Cecil Dill remembers clearly when he first discovered that his hands possessed a talent like no other. In February 1914, as a young boy walking home from school in the bitter cold, Dill noticed that when he clasped his mittenless hands together, they produced a variety of different sounds rather than just the same monotonous squeak. Upon discovering this, as most bored adolescents might, he decided to see if he could consistently pitch these different sounds and play tunes, and by the end of the year, he’d mastered the art of playing ‘Yankee Doodle’.
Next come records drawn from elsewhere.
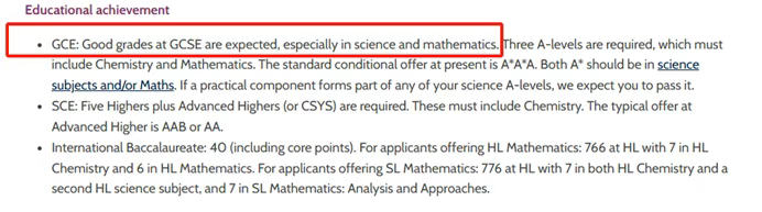举例:牛津大学与化学系官网表示,期望申请人有良好的GCSE成绩,尤其是在科学和数学方面。(*GCSE与IGCSE有同等申请效力)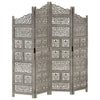4-panels rumdeler håndskåret 160x165 cm massivt mangotræ grå
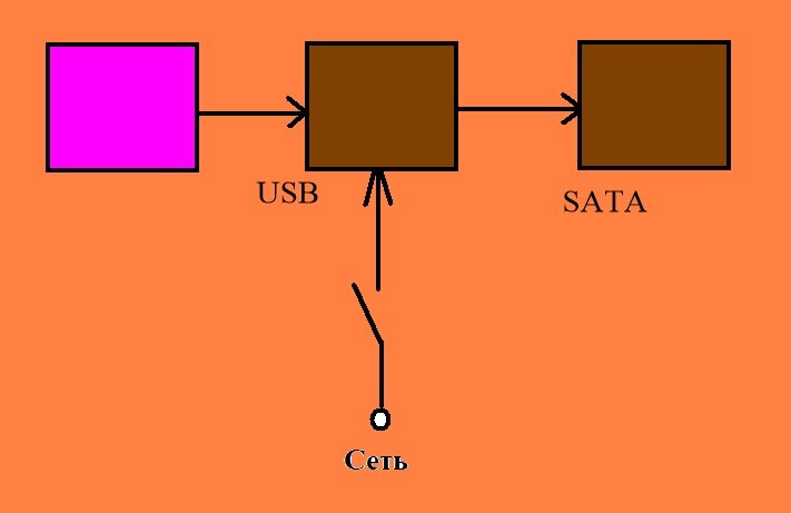 Речь идет о записи информации на дисковод со стандартом SATA, для согласования с которым со стандартом USB был приобретен адаптер с внешним питанием. Это обстоятельство дало положительный эффект при работе с дисководом, поскольку отключение питания дисковода исключает вращения диска во время простоя, с этой целью вилка от адаптера подключена к сети через розетку с выключателем.

Of course, his hands were not exactly ‘playing’ the song, and nor did they have the same clarity in tone that a tuned instrument like a piano or violin might have. What was, in fact, happening was that Dill had been trapping pockets of air between his palms and squeezing them out of the small gaps at the top and bottom to create different notes and pitched them by applying different pressure. We’re all familiar with armpit farts and their comically flatulent sound – this isn’t that different.
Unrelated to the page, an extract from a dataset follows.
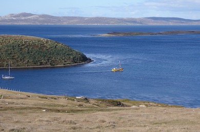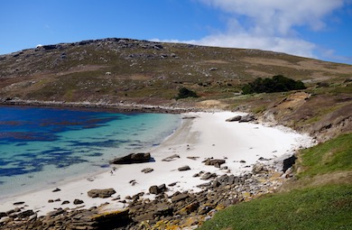 An attractive settlement is nestled into a sheltered harbour with a lovely white sand beach close by. Dolphins often visit the bay, particularly when a boat arrives. Magellanic penguins have made their burrows in the harbour area and various other birds can be seen including striated caracaras and turkey vultures. Fantastically sheltered flower and vegetable gardens are situated near the farm buildings.

Dill practised his skill daily and, within the next three years, had managed to perfect ‘Marching Through Georgia’ and ‘Trail of the Lonesome Pine’. However, he was bothered by people regularly asking how he could do his party trick and decided to quit practising his instrument for six years, instead applying himself on the local dairy farm. When he met up with a showman he’d previously known in his hometown of Traverse City, he was curious to see whether Dill still had the skill in him, and when he demonstrated that he could, this was when people began to take note for a second time.

He would make his recorded debut in 1933 as part of a brief Universal Studios newsreel and perform his famed rendition of ‘Yankee Doodle’ with piano accompaniment before telling his story of how he discovered his talent to the cameras. In addition to this, there are documents of Dill performing other traditional songs as part of different newsreels, such as a rendition of ‘Let Me Call You Sweetheart’ roughly two years later. There isn’t much other documentation of whether Dill hung up his hands or continued to entertain with his art form after this, but the two newsreels are a fascinating insight into his unique talent.

From a musical standpoint, there’s little to shout about when it comes to Dill’s flatulent palms, but as far as being a pioneer and a one-of-a-kind performer who managed to master a skill that so few people can even begin to learn, Dill was extraordinary. Others have since gained notoriety for having similar skills, and the practice has become more widely referred to as ‘manualism’, but Dill remains the earliest documented example of a competent manualist.

Dill remained on the farm all while honing his craft, maintaining his job tending to the cattle. When people asked him how he used to keep up with his skill, his response was simple: “Just by milking ten cows morning and night, I could keep my musical instrument in practice and also keep it nice and limber.” If there are any dairy farmers out there looking for a career change, just think; you could be the next Cecil Dill.